The Westpac-Melbourne Institute index of consumer sentiment released on Tuesday slid 6.9% in November from October, to be down almost 26% on a year earlier. The index reading of 78.0 meant pessimists greatly outnumbered optimists and back to lows not seen since the start of the pandemic.
“Prior to that, we need to go back to the deep recession in the early 1990s to find a weaker read,” said Westpac chief economist Bill Evans.
“Interest rate rises were a clear factor weighing on confidence in the month,” said Evans.
The Reserve Bank of Australia (RBA) raised rates a quarter point to a nine-year high of 2.85% early in November and Evans noted that survey results taken after the hike showed a very sharp fall.
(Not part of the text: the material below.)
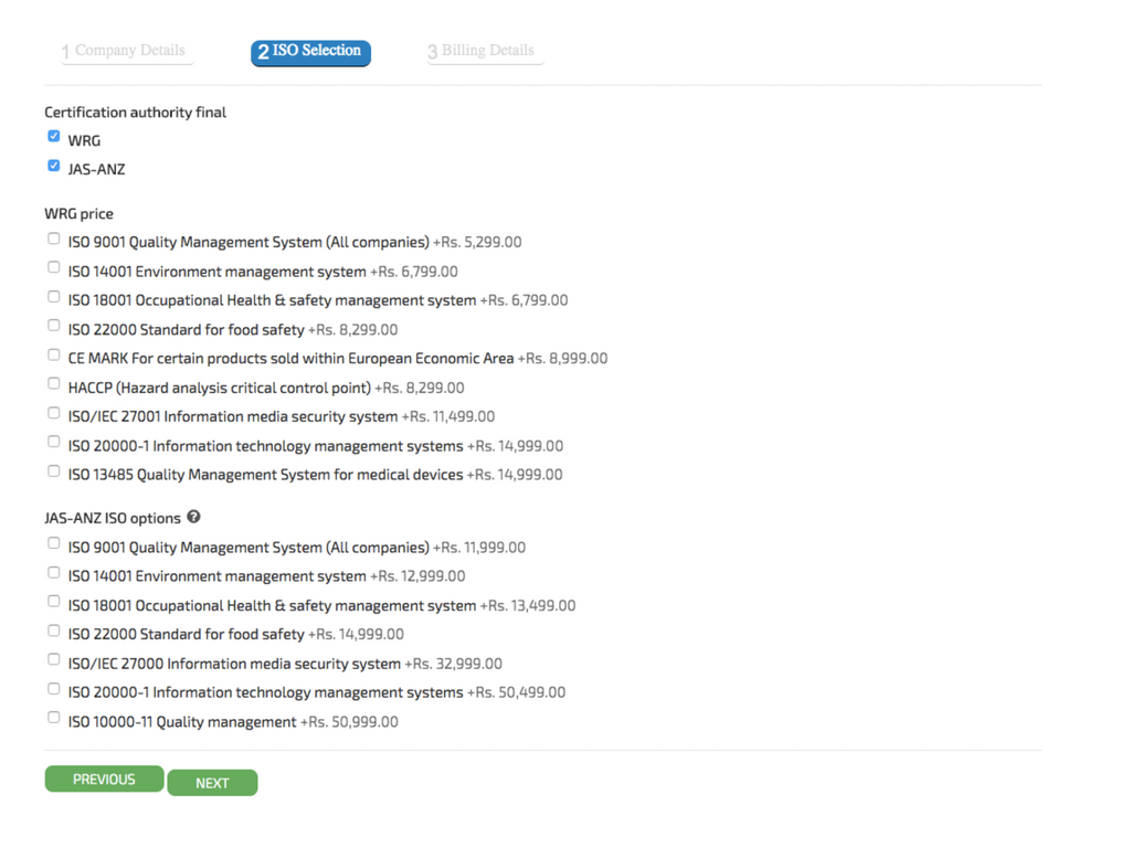 It’s up to your choice whether you choose any ISO registration or JAS-ANZ certification, you can also select multiple registrations or certifications at the same time. Once you are done with the selection, you will be directed to the Billing details page.

The result was echoed by a separate weekly survey from ANZ which showed a drop of 1.5% in its sentiment index last week and a rise in inflation expectations to 6.8%, the highest since the report began in 2010.
The surge in inflation has led RBA to hike rates by a blistering 275 basis points since May.
Yet ANZ also reported that customer spending held up well in the first week of November, with strength in Queensland and Western Australia pointing to the return of tourism.
Westpac’s measure of the economic outlook for the next 12 months slid 7.0% in November, while the outlook for the next five years dived 7.3%.
Measures of family finances compared with a year ago fell 3.4%, while outlook for finances over the next 12 months tumbled 11.2% likely impacted by reports electricity prices could rise more than 50% over the coming year.
Westpac’s measure of whether it was a good time to buy a major household item fell 4.3%, to be down 27.3% on a year earlier.